The government has yet to confirm the appointment of Civil Aviation Secretary Nasim Zaidi as chairman and Joint Secretary Rohit Nandan as managing director of Air India to replace the present chairman and Managing Director Arvind Jadhav who has been removed.

But the reports of the two men taking interim charge has already sent positive waves among employees who are pleased that finally people with a background in civil aviation will handle India's oldest airline.

"The [ousting] of Jadhav is a dream come true since he did nothing to revive the airline and instead destroyed it," Rishab Kapoor, general secretary of the Indian Commercial Pilots Association, told Gulf News.
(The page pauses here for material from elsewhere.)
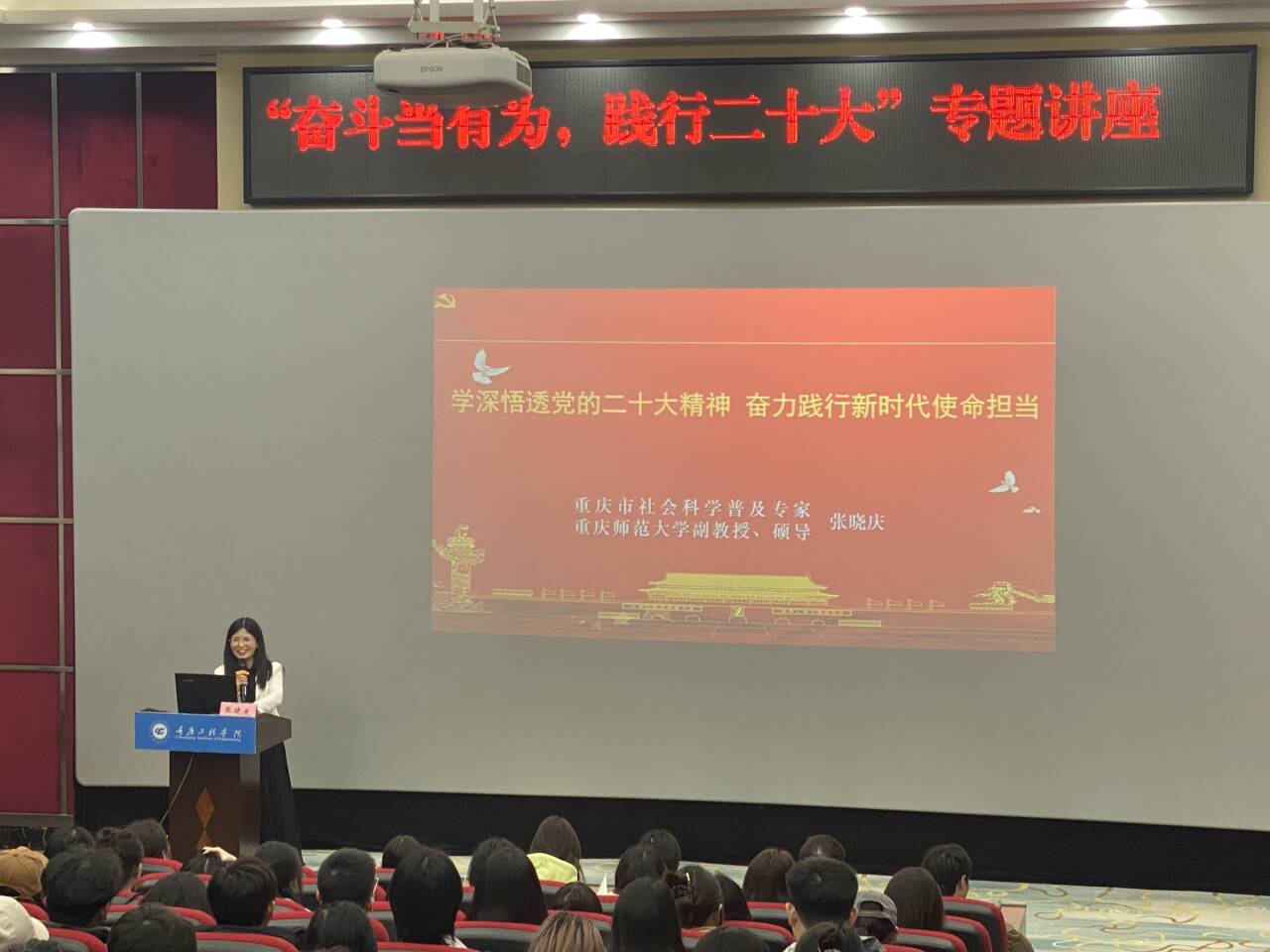 本网讯(文/图 学生科覃薇)为深入学习贯彻党的第二十次全国代表大会精神,深刻领悟党的二十大报告精髓要义。数字艺术学院于11月24日在办公楼报告厅开展“学深悟透党的二十大精神,奋力践行新时代使命担当”主题讲座。本次讲座邀请了重庆师范大学的张晓庆教授主讲。

Air India's pilots who brought its operations to a standstill as well as the Air Corporation Employees Union (ACEU) that led a strike against Air India this summer are glad that the dark days are over.

Mismanagement

"We shall extend all our support to the new management, though we think the entire management should have been sacked and a new one brought in," says Kapoor.

He added that their strike highlighted the mismanagement that had gripped the airline.

Their salaries are still being paid two months behind schedule, he said, "but we have come to terms with it. We have no demands to make except we want the airline to be revamped."